Different religion traditions offer different rules for what constitutes ethical and moral behavior. If ethics and morality could be determined through faith, people of faith would agree on ethics and morals. QED, faith is not a good guide to ethical or moral behavior.
I don’t think this argument is valid. If you and I both use calculators to evaluate some arithmetic expression, and we get different answers, does that prove that the value of an arithmetical expression can’t be determined with a calculator?
That said, I still don’t know what it means to determine something “through faith.”
I think it means that, through hours of dedicated praying, you’ve swung your deity around to your way of thinking.
Ethics does not need faith. Ethics works by logical arguments.

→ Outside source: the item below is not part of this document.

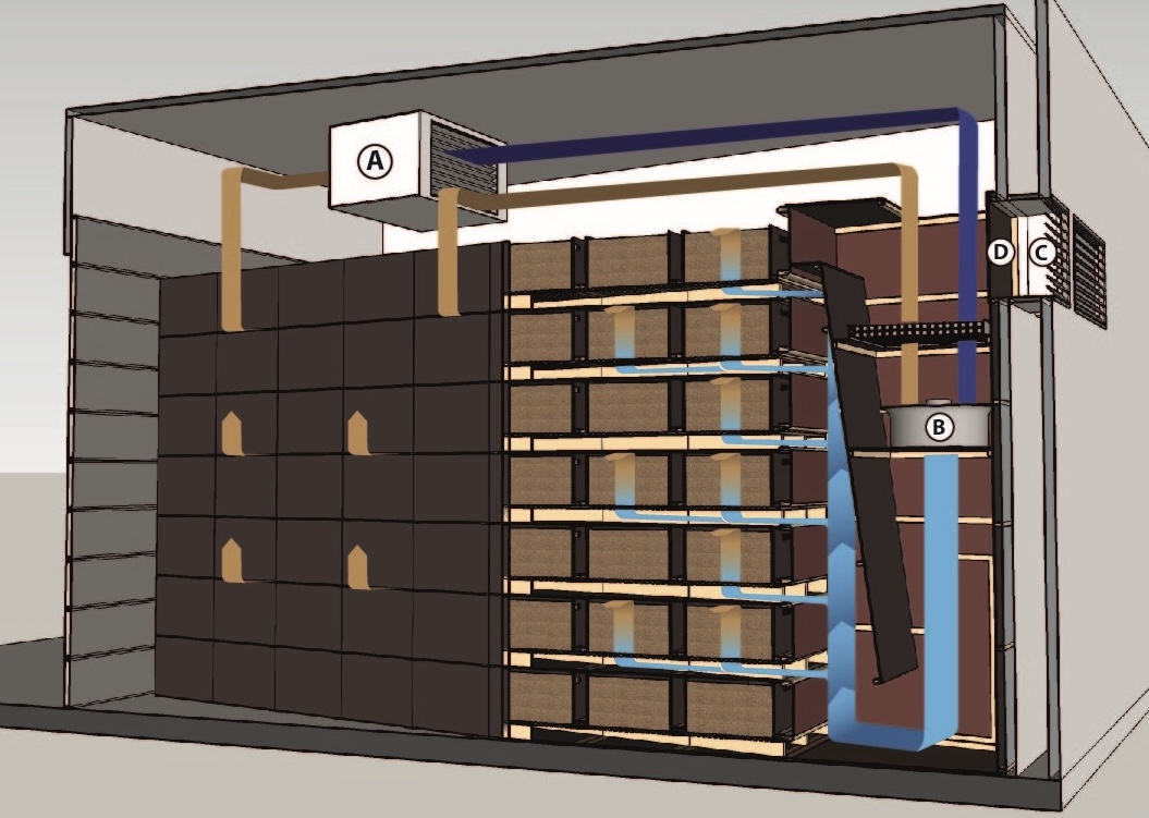 Links een voorbeeld met stalen boxen, die individueel worden belucht. De vochtige lucht wordt aan de achterzijde aangezogen en circuleert door de zaden.

But, how does faith inform moral choices? I can think of two ways:
For 1. Sage Rat has already listed a whole bunch of sources of morality. By faith alone, how do you argue yours is superior? I can throw in the Communist Manifesto and the writings if Lenin also. If you start giving logical reasons why the morality inspired by your faith is superior, you have moved into ethics and away from faith.

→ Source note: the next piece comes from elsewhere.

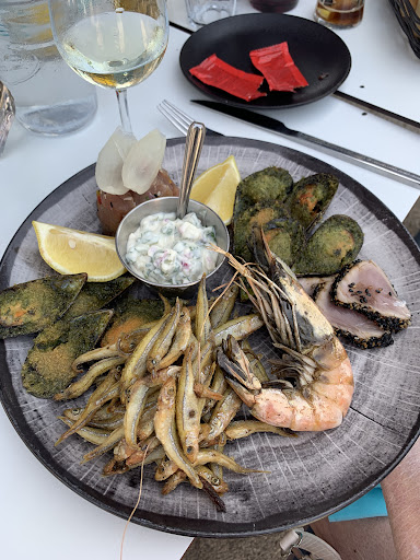 Revenu ce jour 3 août Mon anniversaire Avais jamais pris la parrillada Très très correct Poulpe et gambas très bonne cuisson Pour mon goût poisson très légèrement peu trop cuit Légumes craquant Risotto Plat très complet Personnel très à l'écoute Aime ailloli avec produits de la mer J'en ai eu dans les 3 mn après ma demande Mon mari a opté pour mezzes A recommander Sophie

For 2. we can easily believe by faith that murder is wrong, and not have much argument, but we can also believe that eating shellfish is wrong, and get a lot of argument. How do you defend either by faith alone?
I owe you a drink.
It means “pay no attention to the man behind the curtain”.
Generally no? There is no god but he wrote a contradictory Bible?
If I hear of an atheist who thinks that God inspired the Bible, I’m going to confiscate his anti-Rapture helmet and expel him from the Evil Atheist Conspiracy.
Shun him! Excommunicate him! Heathen!!
A general answer is the more reasonable one (especially in the context of the thread at that point). Just one Nutbar exception will prove you wrong if you state “absolutely not”.
Exactly. Definitions should take into account… erm… statistical outliers.
That’s kind of like Einstein talking about God playing dice. Great metaphor.
So is an “agnostic atheist” like, some guy in a box and you don’t know if he’s an agnostic or an atheist until the cat dies?